• Brief
Could you retype the lines below, starting at the line holding "下の図のような節点0が固定端" and stopping at the line holding "regalo – spiega", inclusive? Copy them exactly and drop the images.

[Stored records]
+===+
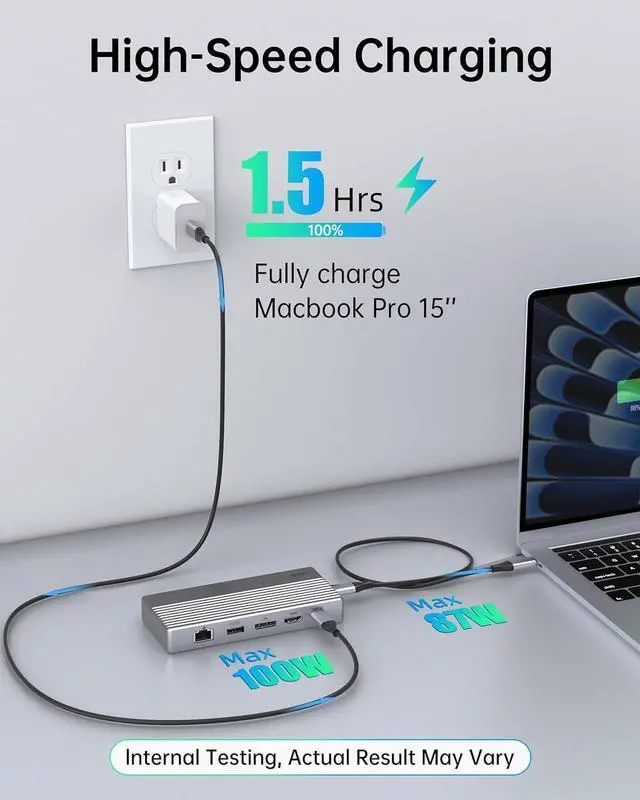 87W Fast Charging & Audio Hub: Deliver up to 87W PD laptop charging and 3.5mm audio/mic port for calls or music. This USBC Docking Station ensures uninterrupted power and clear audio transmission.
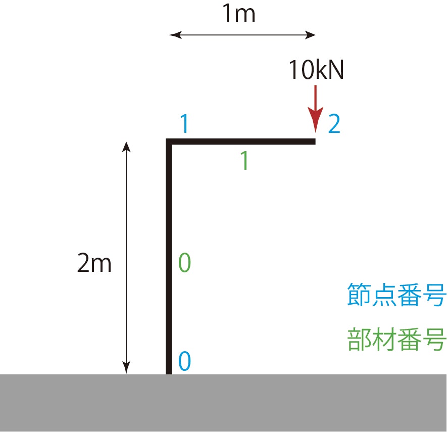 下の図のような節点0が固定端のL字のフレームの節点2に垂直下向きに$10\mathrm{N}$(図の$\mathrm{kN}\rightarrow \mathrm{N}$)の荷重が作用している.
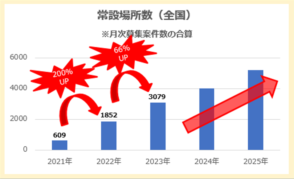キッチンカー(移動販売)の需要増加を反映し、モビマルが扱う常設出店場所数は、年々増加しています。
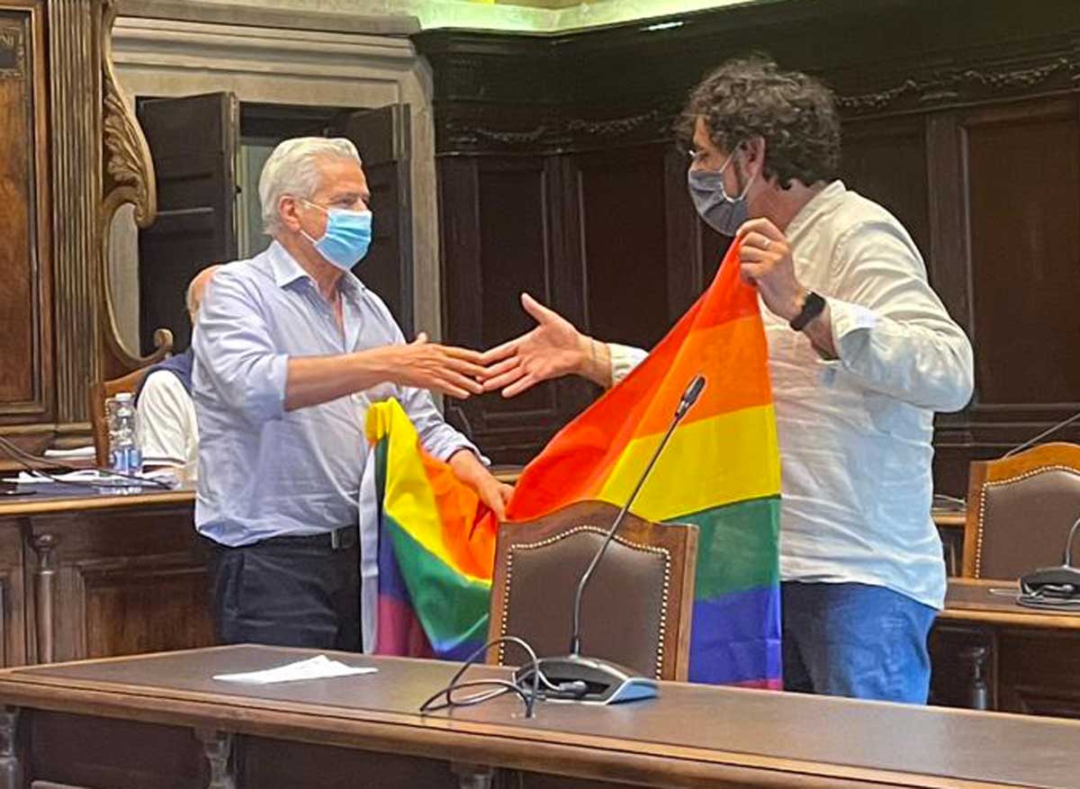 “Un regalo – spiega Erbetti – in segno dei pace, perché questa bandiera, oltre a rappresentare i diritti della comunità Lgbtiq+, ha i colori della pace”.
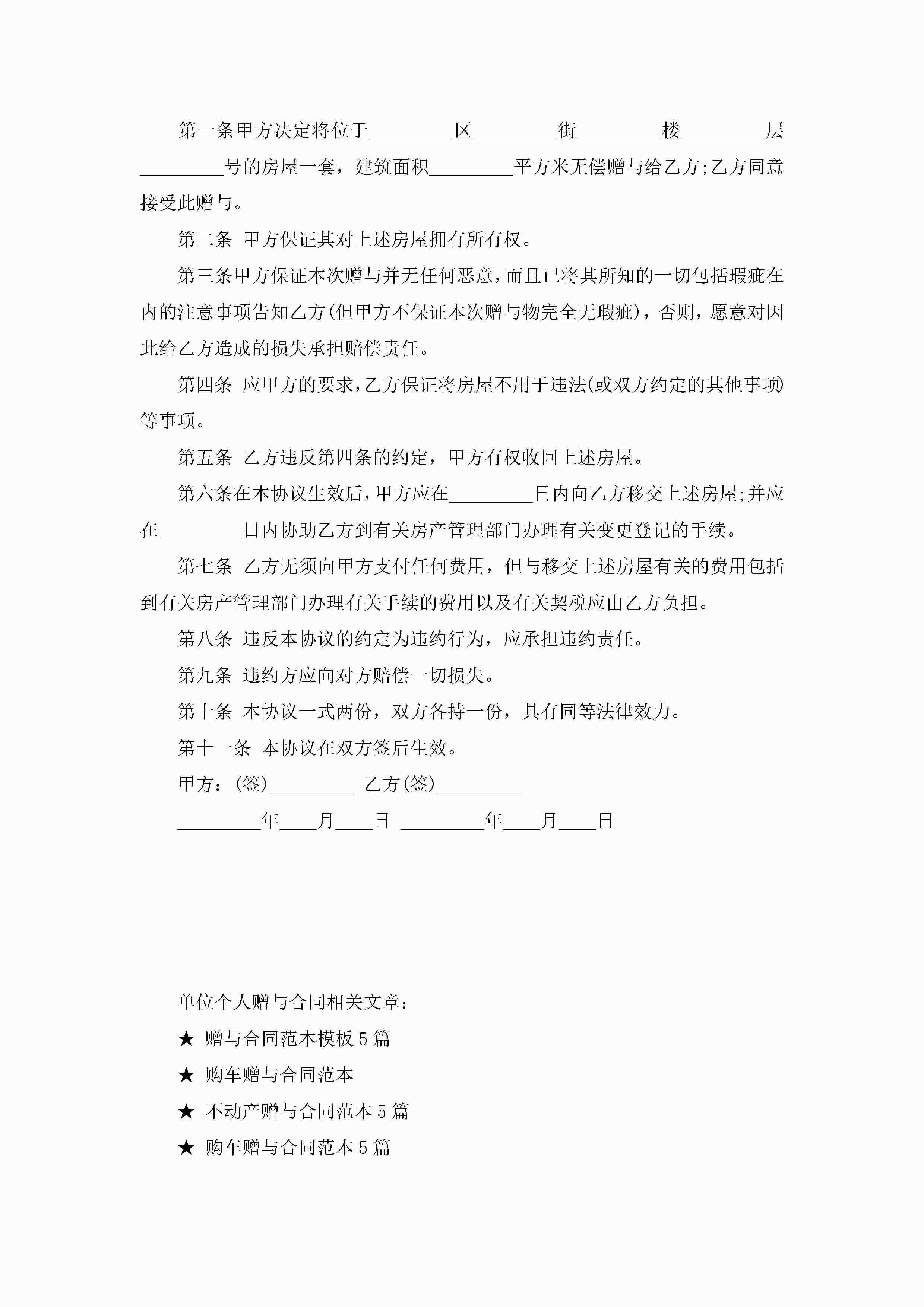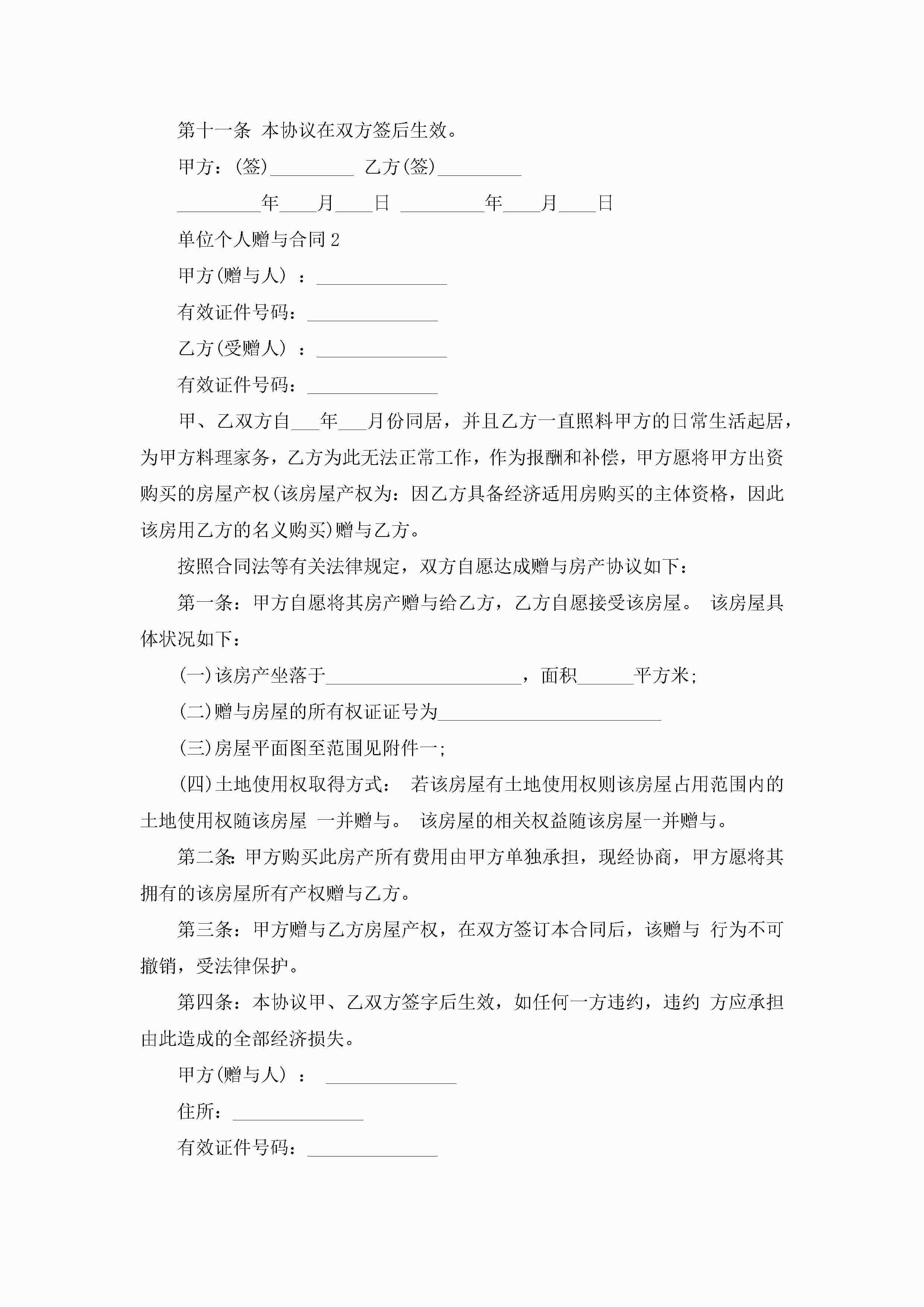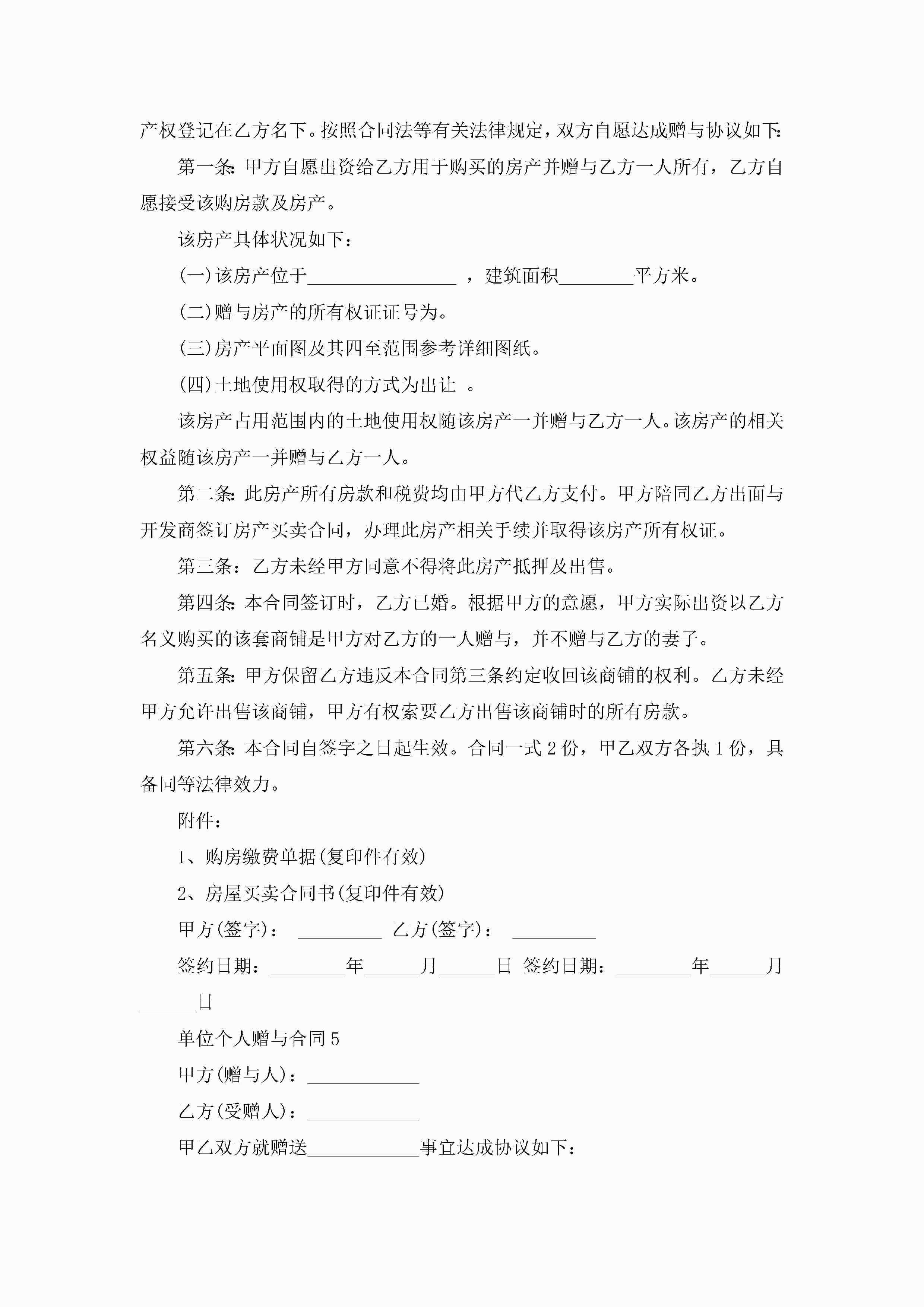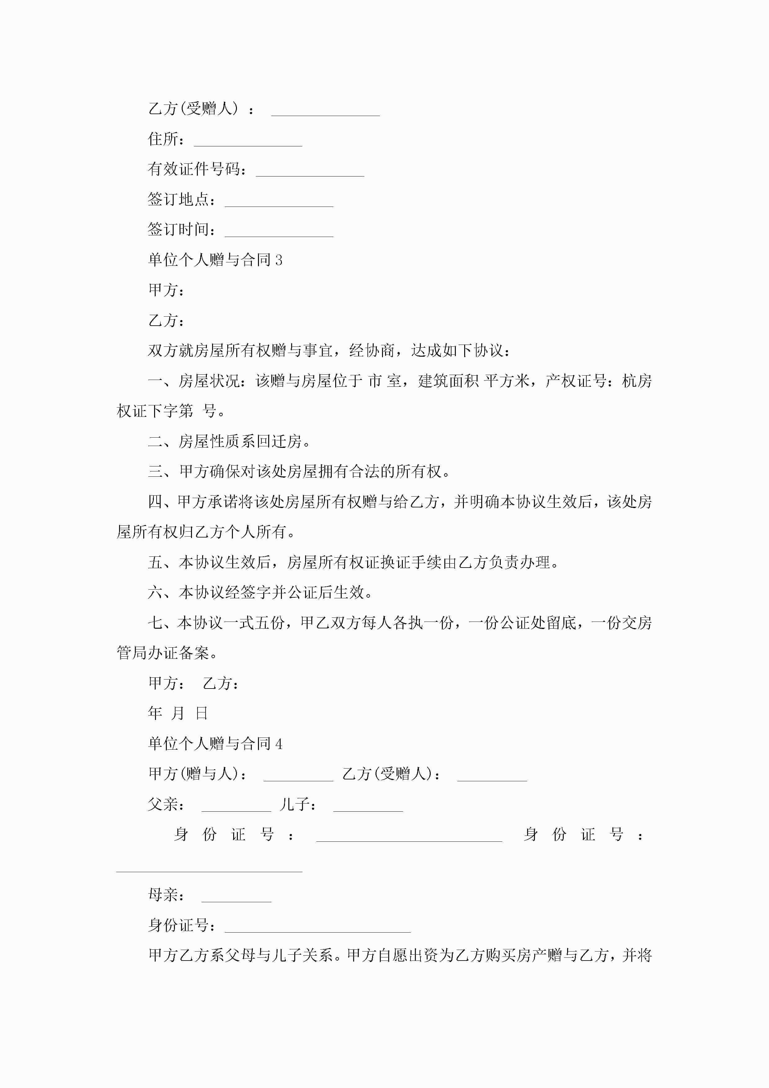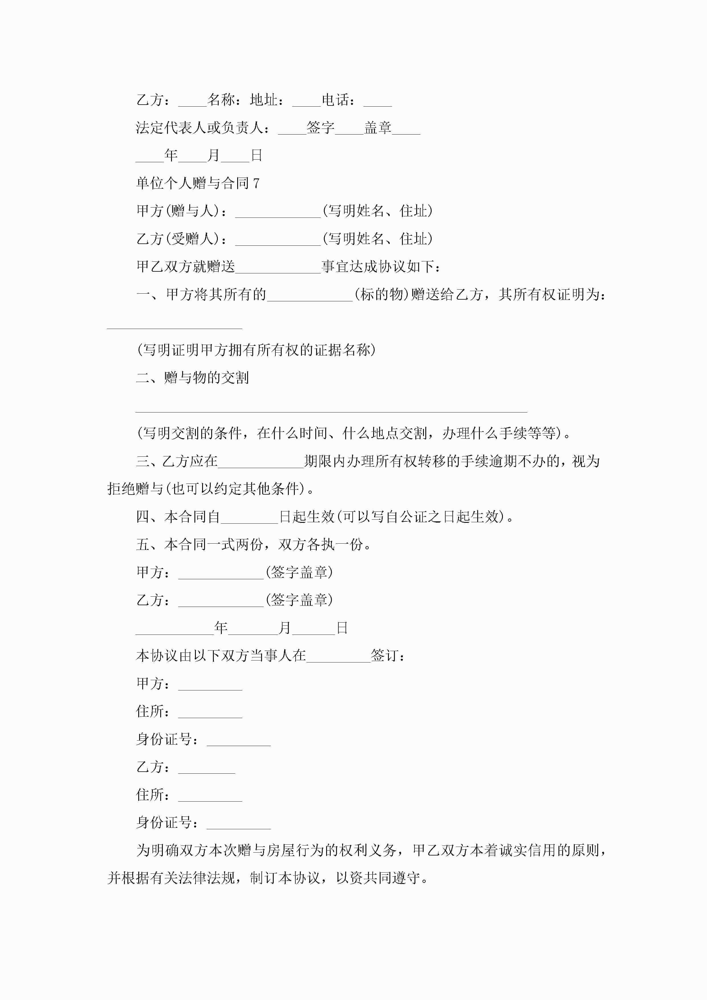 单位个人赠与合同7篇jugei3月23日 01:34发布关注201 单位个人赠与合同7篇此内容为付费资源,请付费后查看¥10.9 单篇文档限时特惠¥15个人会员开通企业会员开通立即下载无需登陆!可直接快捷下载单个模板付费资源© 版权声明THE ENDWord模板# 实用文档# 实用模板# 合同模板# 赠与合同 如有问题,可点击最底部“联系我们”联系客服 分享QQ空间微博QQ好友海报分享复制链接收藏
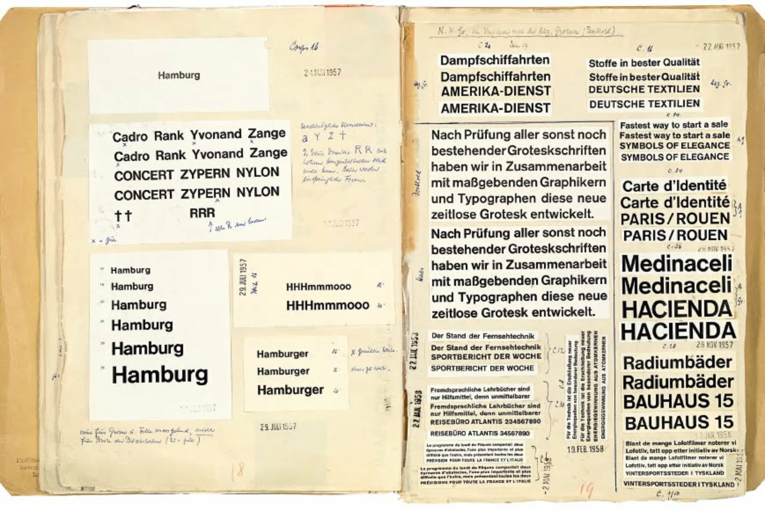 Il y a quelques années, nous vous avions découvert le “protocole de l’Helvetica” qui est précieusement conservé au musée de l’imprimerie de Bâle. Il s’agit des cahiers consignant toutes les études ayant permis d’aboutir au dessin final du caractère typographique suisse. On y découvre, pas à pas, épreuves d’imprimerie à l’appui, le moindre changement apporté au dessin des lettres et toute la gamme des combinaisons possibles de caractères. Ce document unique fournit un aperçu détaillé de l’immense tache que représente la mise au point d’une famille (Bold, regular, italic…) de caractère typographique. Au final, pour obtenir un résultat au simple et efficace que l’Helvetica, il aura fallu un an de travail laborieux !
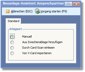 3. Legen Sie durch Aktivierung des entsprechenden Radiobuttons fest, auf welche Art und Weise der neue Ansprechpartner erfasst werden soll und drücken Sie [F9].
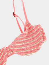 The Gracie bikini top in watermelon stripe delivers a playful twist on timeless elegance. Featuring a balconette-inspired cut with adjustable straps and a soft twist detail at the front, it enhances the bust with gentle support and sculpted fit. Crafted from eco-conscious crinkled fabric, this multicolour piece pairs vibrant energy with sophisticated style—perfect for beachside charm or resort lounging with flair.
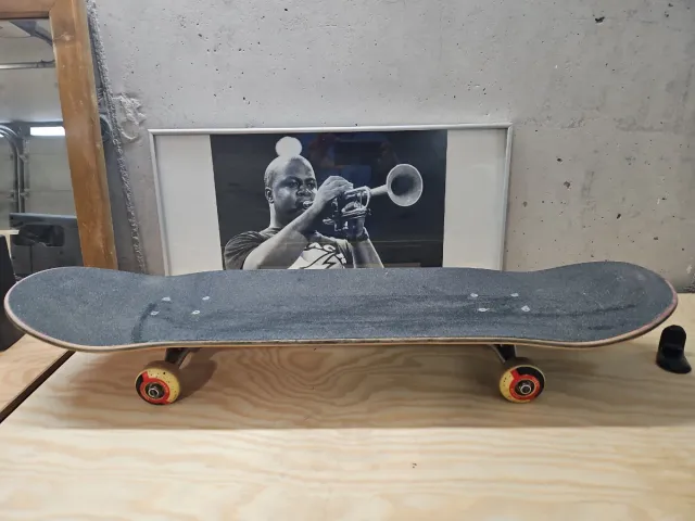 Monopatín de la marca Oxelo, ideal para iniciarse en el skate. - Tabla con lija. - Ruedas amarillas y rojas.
+===+
• Result of the exercise
 下の図のような節点0が固定端のL字のフレームの節点2に垂直下向きに$10\mathrm{N}$(図の$\mathrm{kN}\rightarrow \mathrm{N}$)の荷重が作用している.
キッチンカー(移動販売)の需要増加を反映し、モビマルが扱う常設出店場所数は、年々増加しています。
 “Un regalo – spiega Erbetti – in segno dei pace, perché questa bandiera, oltre a rappresentare i diritti della comunità Lgbtiq+, ha i colori della pace”.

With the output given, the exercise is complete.